Kaydetme, muhafaza etme gibi fiiller, insanoğlunun tabiatındaki yatkınlıklarından olsa gerektir ki; taşa, deri parçasına, deniz kabuklarına, ağaç kovuklarına, mağara duvarlarına ve kayda değer gördüğü nice eşyaya nakşetmiştir ademoğlu ahvalini. Ben de bu yazı serisinde insanın kendisiyle ilişkilendirdiği bir anın, bir halin, bir güzelliğin, bir yaşanmışlığın aktarılması için aracı edindiği bunca eşya arasından kâğıdı seçmiş, kâğıt üzerine sizlerle konuşacağımı duyurmuştum daha önce.
Arşivlere baktığımız zaman ilk kez Mısır topraklarında “papirüs” isimli bir bitkinin farklı aşamalardan geçerek kâğıt haline geldiğini görüyoruz. Yine arşivlerden XIII. yüzyılda Orta Asya’da bir saray görevlisinin ağaç kabukları, bez parçaları ve diğer lifli malzemeleri özlü ve yumuşak bir hamur haline gelinceye kadar dövüp kâğıt elde ettiğini öğreniyoruz.
Yaptığı karışımı geniş bir tekne içinde suyla karıştırarak odun hamuru elde eden görevli, daha sonra gözenekli bir kalıbı hamurun içine daldırıp yukarıya kaldırıyor. Su gözeneklerden süzülerek aşağıya akıyor, kalıbın yüzeyinde lifli bir tabaka kalıyor. Bu tabaka kalıp üzerinden alınıp kurutulduğunda ve üzerinden el yapımı silindirlerle geçildiğinde kâğıt kullanıma hazır hale geliyor. Yani önce birbirinden ayrı ve bağımsız duran malzemeler birleştiriliyor, yoğurulup hamur halini alıyor.
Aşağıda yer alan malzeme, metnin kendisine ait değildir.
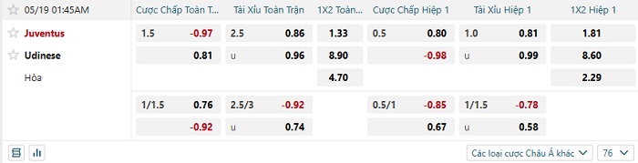 Tip kèo Châu Á hiệp 1 Juventus vs Udinese

Odun hamuru denen bu sulu karışım bir süzgeçten süzülüyor, elek üzerinde kalan malzeme önce bekletiliyor sonra tabiri caizse bir güzel eziliyor, böylece pürüzsüzleşiyor. Bu aşamalardan sonra kaleme değer bir hale geliyor.
لتركبن طبقا عن طبقا
“(Ki siz ey insanlar) Mutlaka tabakadan tabakaya binecek (halden hale) geçeceksiniz.” (İnşikak, 84/19)
Usulsüz vusul bulunmaz, der büyüklerimiz. Usul “asıl” kelimesinin çoğuludur, yani “asıllar, kökler” manasına gelir. Kâğıt, olduğu halini alabilmek için bu aşamaların hepsine muhtaçtır. Bir usul ile birleşen çeşitli malzemeler bu aşamalar sayesinde önümüze tek bir malzeme olarak gelebilmektedir.
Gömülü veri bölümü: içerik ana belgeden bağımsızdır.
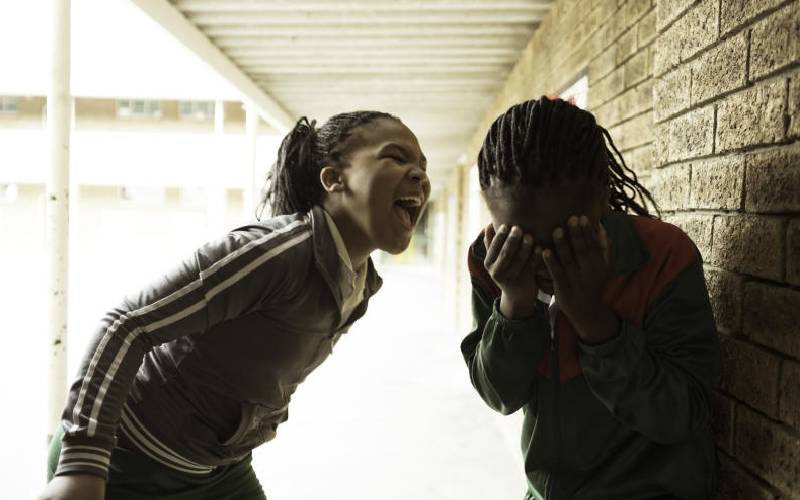 A school girl bullies another girl in a secluded passageway outside a school building.[Getty Images]

Madem halden hale geçirileceğiz 0 halde elbet vasıta olarak kullandığımız nice nimet de halden hale geçecek bizimle birlikte.
ن و القلم و ما يسطرون
“Nun. Kaleme ve yazanların ve onunla yazdıklarına andolsun ki sen Rabbinin lütfu sayesinde asla mecnûn değilsin.”
(Kalem, 68/1-2)
Kur’an-ı Kerîm’in ilk inen sûresine “Oku!” buyruğuyla başlandığı gibi Kalem sûresinin ilk âyetinde de Allah Teâlâ tarafından yazı aracı olan kaleme ve kalem ehlinin onunla yazdıkları üzerine yemin edilmiştir. Bu durum, İslâm’ın okuma yazmaya, bilime ve yazılı kültüre verdiği önemi göstermesi açısından oldukça anlamlıdır. Özellikle Hicaz Bölgesi Araplarının ilk defa Kur’an ile birlikte yazılı kültüre geçmelerinde, başka sebepler yanında bu gibi âyetlerin teşvik edici bir role sahip olduğu söylenebilir.
El-hasıl a dostlar!
Yazana, yazdırana hamdolsun. Yolumuz kayda değer bir hoş sada üzere el-Bâkî olan Allah’a vâsıl olsun. Kâğıda ve üzerine nakşolunan nice kelama selam olsun, vesselam.